И, конечно, все описания придуманных из головы государств — не более чем смехотворная блажь, непригодная для практического осуществления. Ожесточенные и бесконечные споры о наилучшей форме общественного устройства и о началах, способных нас спаять воедино, являются спорами, полезными только в качестве упражнения нашей мысли; они служат тому же, чем служат многие темы, используемые в различных науках; приобретая существенность и значительность в пылу диспута, они вне его лишаются всякой жизненности. Такое идеальное государство можно было бы основать в Новом Свете, но мы и там имели бы дело с людьми, уже связанными и сформированными теми или иными обычаями; ведь мы не творим людей, как Пирра или как Кадм. И если бы мы добились каким-либо способом права исправлять и перевоспитывать этих людей, все равно мы не могли бы вывернуть их наизнанку так, чтобы не разрушить всего. Солона как-то спросили, наилучшие ли законы он установил для афинян. «Да, — сказал он в ответ, — наилучшие из тех, каким они согласились бы подчиняться».

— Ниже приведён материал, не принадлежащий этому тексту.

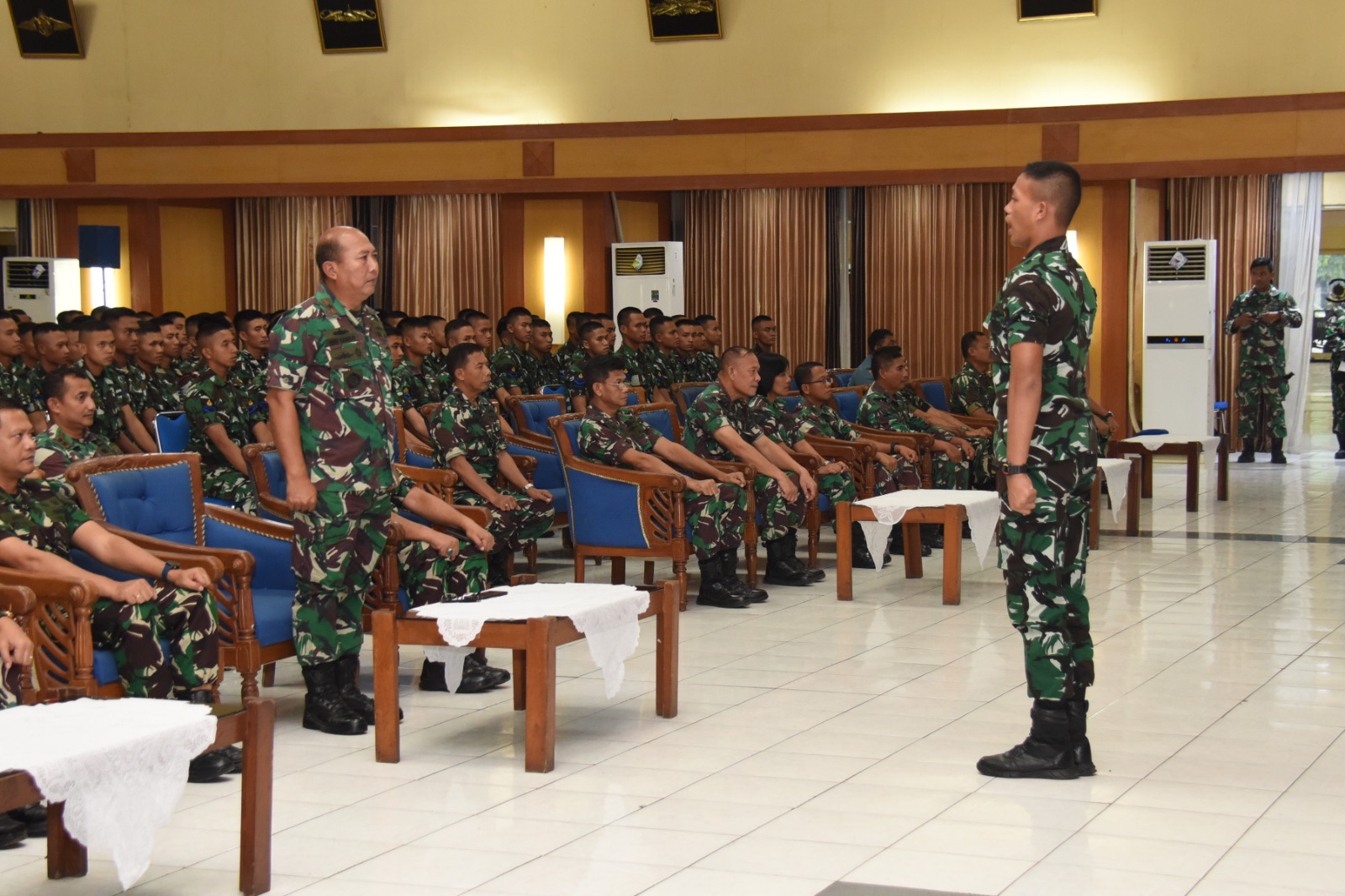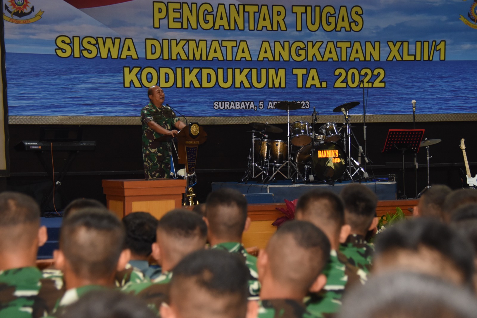 PI – Surabaya, 6 April 2023, Menjelang pelaksanaan penutupan pendidikan dasar golongan (sargolan) yang dilaksanakan 6 April 2023, Komandan Komando Pendidikan Dukungan Umum (Dankodikdukum) Kodiklatal Laksma TNI Budi Raharjo memberikan pembekalan kepada 357 orang siswa Pendidikan Pertama Tamtama (Dikmata) Angkatan XLII Gelombang 1 TA 2022 yang siap mengabdi untuk TNI AL, bertempat di Gedung R. Moeljadi Kodiklatal, Bumimoro Surabaya, Rabu, (05/04/2023) kemarin.

Варрон приводит в свое извинение следующее: если бы он первым писал о религии, он высказал бы о ней все, что думает; но раз она принята всеми и ей присущи определенные формы, он будет говорить о ней скорее согласно обычаю, чем следуя своим естественным побуждениям.
Не только предположительно, но и на деле лучшее государственное устройство для любого народа — это то, которое сохранило его как целое. Особенности и основные достоинства этого государственного устройства зависят от породивших его обычаев. Мы всегда с большой охотой сетуем на условия, в которых живем. И все же я держусь того мнения, что жаждать власти немногих в государстве, где правит народ, или стремиться в монархическом государстве к иному виду правления — это преступление и безумие.
Уклад своей страны обязан ты любить:
Чти короля, когда он у кормила,
Республику, когда в народе сила,
Раз выпало тебе под ними жить1.
Это сказано нашим славным господином Пибраком, которого мы только что потеряли, человеком высокого духа, здравых воззрений, безупречного образа жизни. Эта утрата, как и одновременно постигшая нас утрата господина де Фуа, весьма чувствительны для нашей короны. Не знаю, можно ли найти в целой Франции еще такую же пару, способную заменить в Королевском Совете двух этих гасконцев, наделенных столь многочисленными талантами и столь преданных трону. Это были разные, но одинаково высокие души, и для нашего века особенно редкие и прекрасные, скроенные каждая на свой лад. Но кто же дал их нашему времени, их, столь чуждых нашей испорченности и столь неприспособленных к нашим бурям?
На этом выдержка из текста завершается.